TASK GOAL: Lines from the one containing "Hier finden Sie" through the final line of the records below are needed, copied exactly, with no pictures.
(INFORMATION SHOWN Opens)
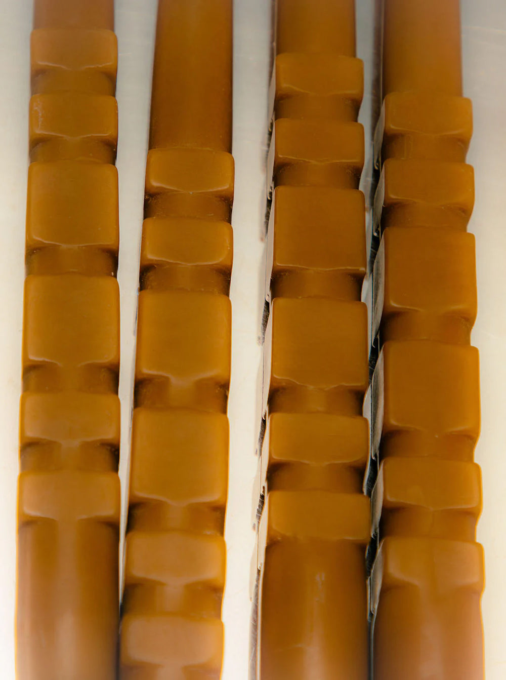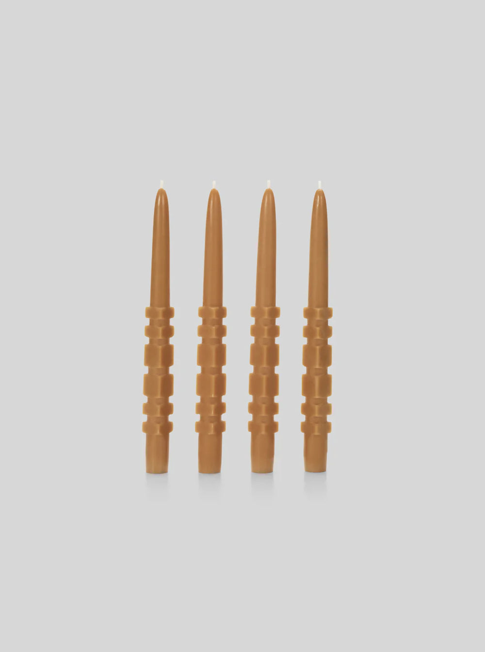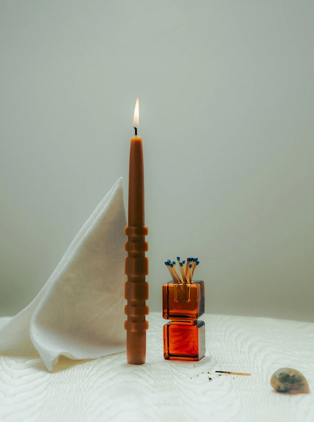 These textured candles take inspiration from the carved timber legs of a 1920s Spanish dining chair, adding a sculptural touch to any setting.
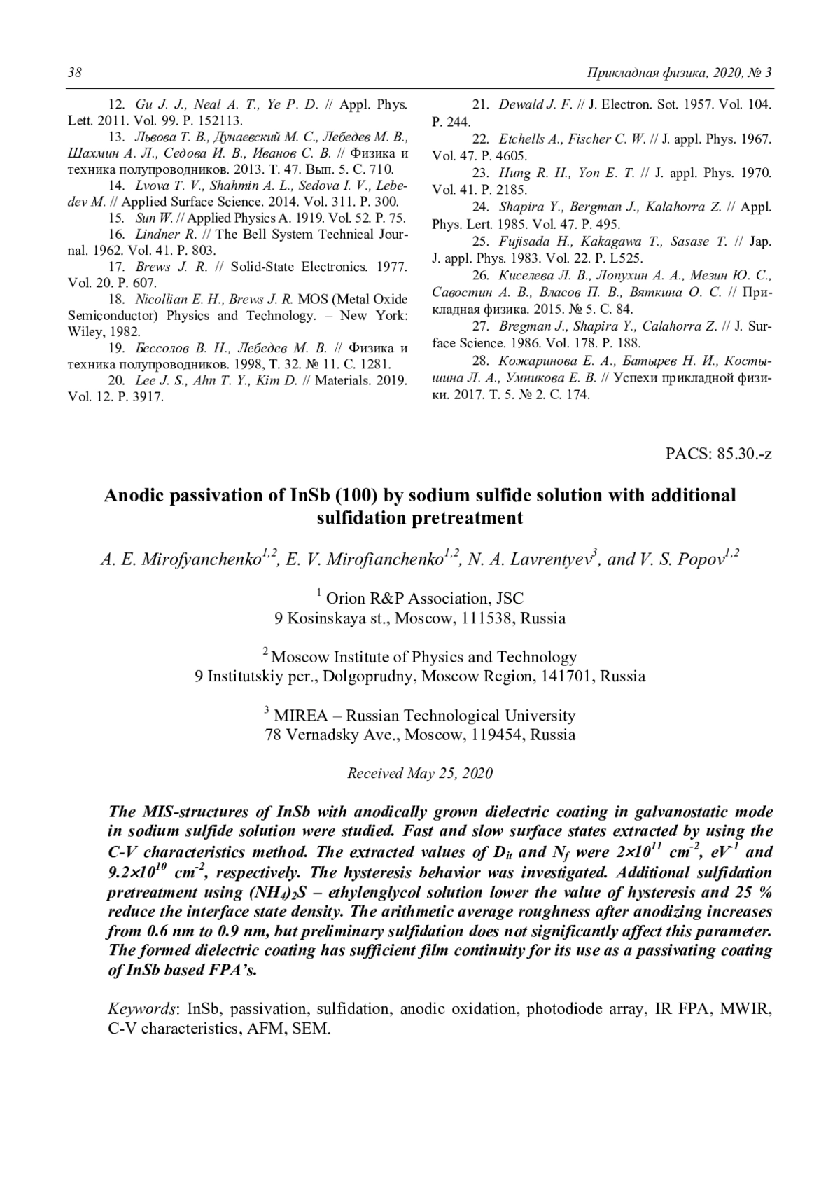 Мирофянченко А. Е., Мирофянченко Е. В., Лаврентьев Н. А., Попов В. С. Пассивация фоточувствительных элементов InSb (100) анодным окислением в растворе сульфида натрия с предварительным сульфидированием поверхности 33
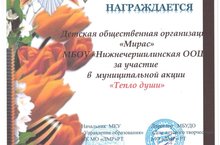Детская общественная организация "Мирас" награждена дипломом за участие в муниципальной акции "Тепло души". Поздравляем педагога организатора Сайфиеву Т.Ш. и учащихся за участие. Молодцы!
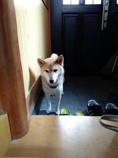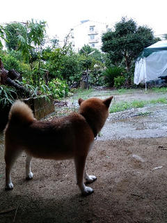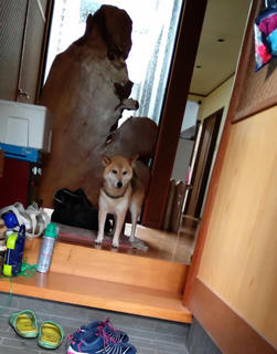 行く気だった柴犬さんでしたが、玄関で雨の音を聞いて躊躇(*'▽')
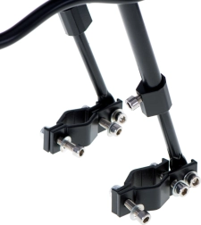 El montaje y desmontaje se realizan en un momento gracias a la abrazadera firme/cierre rápido y al material de montaje incluido. Las protecciones laterales resguardan las alforjas de los radios y en la parte trasera no falta el catadióptrico rojo para una mejor visibilidad al atardecer. En el paquete encontrarás el cuerpo con plataforma, brazos laterales, tirantes telescópicos, tornillos, gomas protectoras y el catadióptrico.
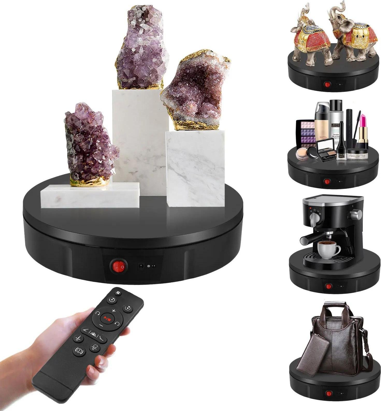 Plateau tournant électrique - Présentoir à bijoux - Capacité de charge 100 kg - Diamètre 30 cm - Rotation à 360° - Batterie rechargeable - Prise UE 220 V - Blanc
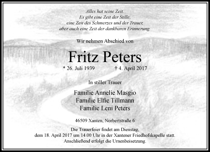 Hier finden Sie alle Traueranzeigen aus der Zeitung, die bisher für Fritz Peters erschienen sind. Weitere Traueranzeigen, die in der Zeitung erscheinen, werden hier ebenfalls aufgelistet
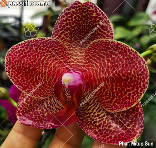Его родителями являются Sunrise Red Peoker × Phalaenopsis Fusheng's Super Man
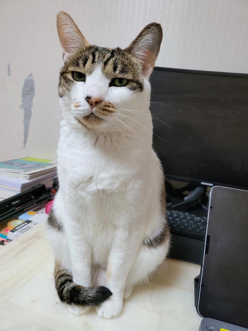 근엄하게 앉아 공부하는 집사를 지키고 있는 신입이 왼쪽에 뭔가 보인다면, 그것 역시 신입이의 작품이다. 벽지 구멍이 점점 넓어지고 있다. 아무리 좋은 스크래처도 집사들의 살림살이를 이길 수는 없는 법. 이제는 막내 요뜨까지 엄마냥 신입이를 따라 벽지를 긁고 있다. ‘고양이 싫어’ 염불을 외는 엄마 집사의 마지막 믿음이었던 요뜨도 결국 고양이었으니…
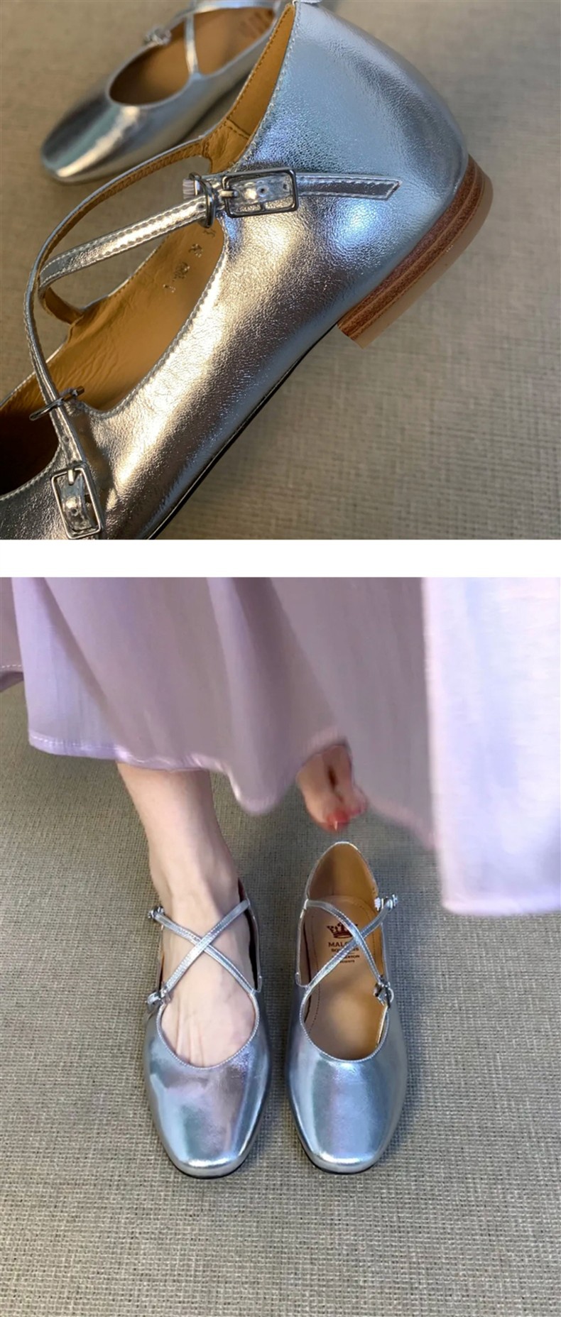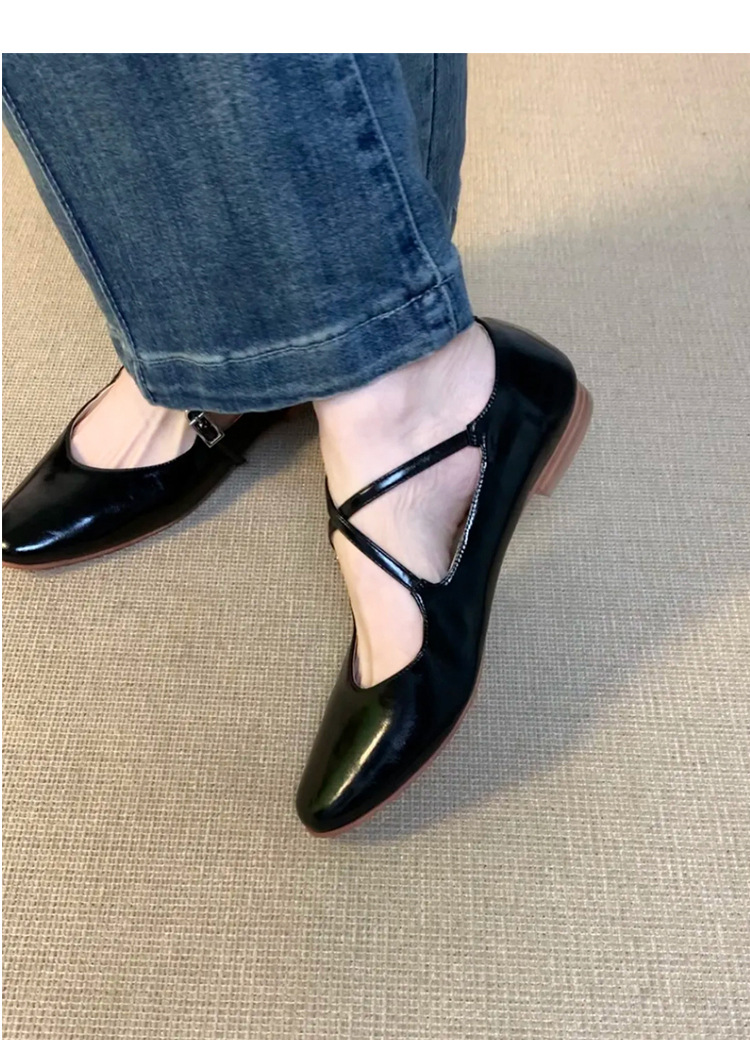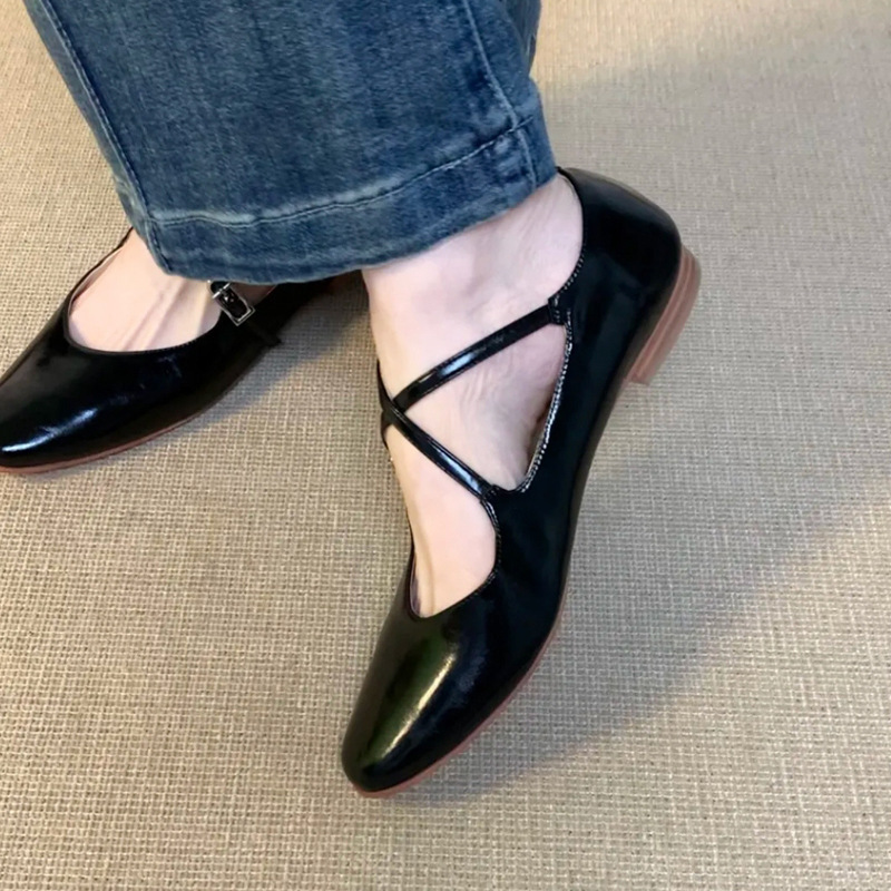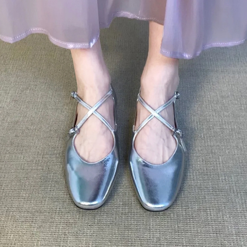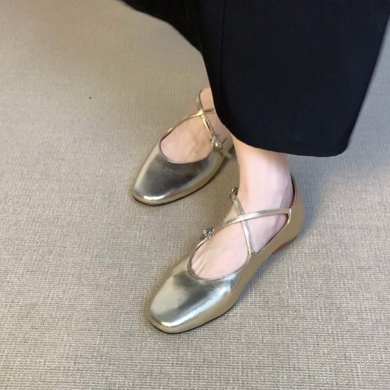 홍콩 정품 가죽 실버 크로스 버클 발레 신발 여성 봄, 가을 프랑스 복고풍 플랫 메리 제인 신발 작은 가죽 신발
(INFORMATION SHOWN Closes)
RESPONSE:
 Hier finden Sie alle Traueranzeigen aus der Zeitung, die bisher für Fritz Peters erschienen sind. Weitere Traueranzeigen, die in der Zeitung erscheinen, werden hier ebenfalls aufgelistet
Его родителями являются Sunrise Red Peoker × Phalaenopsis Fusheng's Super Man
 근엄하게 앉아 공부하는 집사를 지키고 있는 신입이 왼쪽에 뭔가 보인다면, 그것 역시 신입이의 작품이다. 벽지 구멍이 점점 넓어지고 있다. 아무리 좋은 스크래처도 집사들의 살림살이를 이길 수는 없는 법. 이제는 막내 요뜨까지 엄마냥 신입이를 따라 벽지를 긁고 있다. ‘고양이 싫어’ 염불을 외는 엄마 집사의 마지막 믿음이었던 요뜨도 결국 고양이었으니…
 홍콩 정품 가죽 실버 크로스 버클 발레 신발 여성 봄, 가을 프랑스 복고풍 플랫 메리 제인 신발 작은 가죽 신발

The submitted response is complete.